J.D. I entered a Halloween poem contest in grade school, won first prize, and that really fanned the flames.
My earliest influences were writers like Poe and Frost; as I got older I started getting into the beat poets. Then I discovered Hunter S. Thompson, and that’s when my passion for writing really sank in. All literary genres. not just poetry.
Q2: Who are your biggest influences today?
J.D. : Ron Whitehead, hands down, that man is a powerhouse of poetic energy. Not many people have dedicated their lives to the craft the way he has. He went all in, and I love that. That’s where I strive to be in the future.
Q3: Where did you grow up and how did that influence your writing? Have any travels away from home influence your work?
J.D.: I was born in Colorado, grew up in Louisiana/Mississippi, moved up to Illinois a few years ago, and I’ve done my fair share of traveling. Mostly by bus and train. It’s most definitely an influence on my poetry and art. I love to draw and paint as well as write.
Q4: What do you consider the most meaningful work that you’ve done creatively so far?
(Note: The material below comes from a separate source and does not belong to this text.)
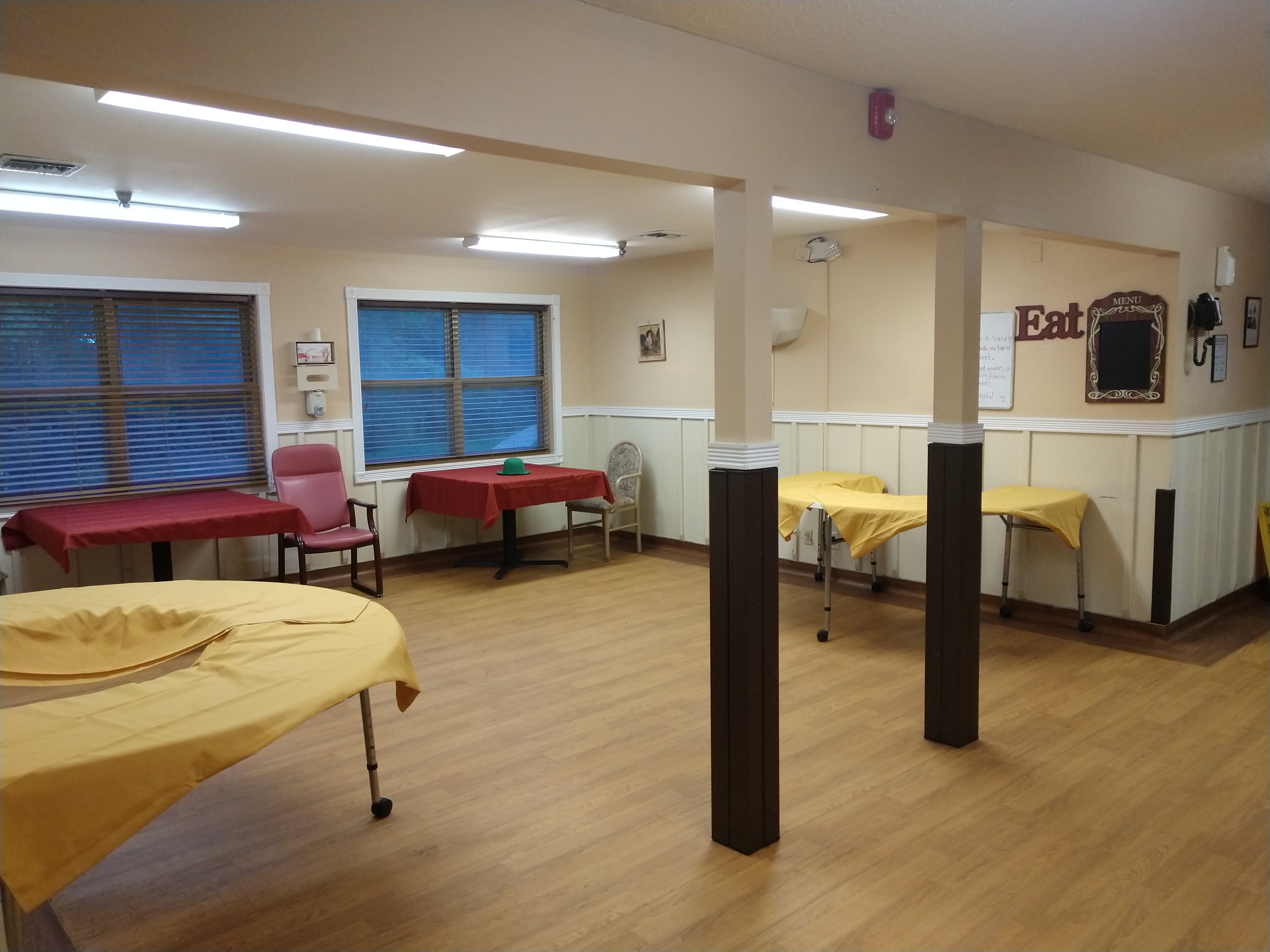Meals are served in the dining room, food ordered from a menu. If you cannot find something you like on the menu, our cooks will listen to your preferences, and find something you can enjoy.

J.D.: Cajun Mutt Press. Literature is extremely important to me. I like to believe I’m doing it justice by getting the words out into the world. I publish featured writers on our website every Mon/Wed/Fri, and full-length poetry collections in paperback.
Q5: Any pivotal moment when you knew you wanted to be a writer?
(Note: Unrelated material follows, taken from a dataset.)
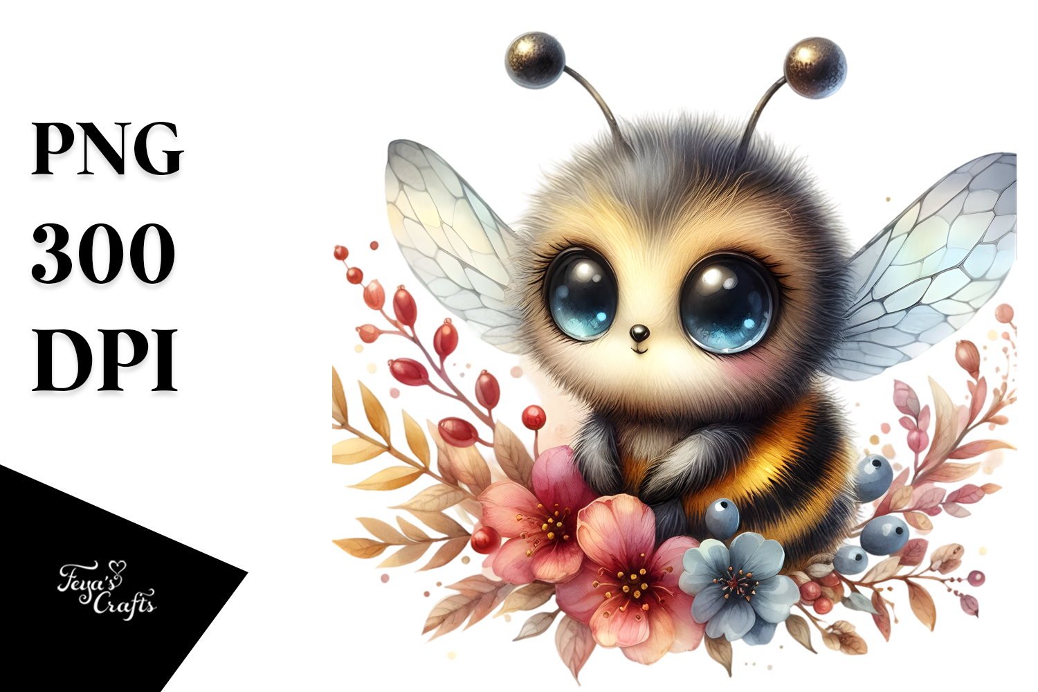 Adorable Baby Bee with Big Eyes, SEO PNG example image 1

J.D.: When it saved my life. I got in a bad accident at work in 2008. Broke C2 in my neck and T3-T4 in my back. Then on top of several other things that were piling up, my mom passed of cancer in 2009. That put me in a tailspin of self-destruction. Eventually, I had to enter rehab. Once my mind was clear the poetry and art started pouring out like never before and I realized this is what I wanted to do in life. It brought me out of the dark.
Q6: Favorite activities to relax?
J.D.: I like to collect things. Books, bones, crystals, toys that I grew up with. Stuff like that. And I always like to have music playing. I’m a huge Deadhead but I love all music. I have pretty eclectic taste.
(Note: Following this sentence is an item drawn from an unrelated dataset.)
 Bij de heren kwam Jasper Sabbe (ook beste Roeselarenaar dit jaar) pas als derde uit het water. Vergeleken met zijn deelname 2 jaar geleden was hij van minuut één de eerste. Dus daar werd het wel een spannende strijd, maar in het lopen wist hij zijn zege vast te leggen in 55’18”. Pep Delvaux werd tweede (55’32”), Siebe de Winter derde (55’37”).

Q7: Any recent or forthcoming projects that you’d like to promote?
J.D.:
I Hear Your Music Night and Day by Dave O’Leary was recently published by Cajun Mutt Press in May, and I have a few more books lined up before the end of the year.
“Poetry and short prose about the musical life and the lost words of youth, about the places where love might be found or misplaced and dreams not quite made and celebrity encounters and being short on funds and the necessity of bus rides and bus stops and homes and the small moments that resonate and, of course, cats.”
Manuscript submissions are currently CLOSED, but if you’d like to submit some work to be considered as a Featured Writer send 1-3 poems to cajunmuttpress@gmail.com along with a bio and author photo. All unpublished work, no simultaneous submissions. Please be patient for a response. I get a ton of emails.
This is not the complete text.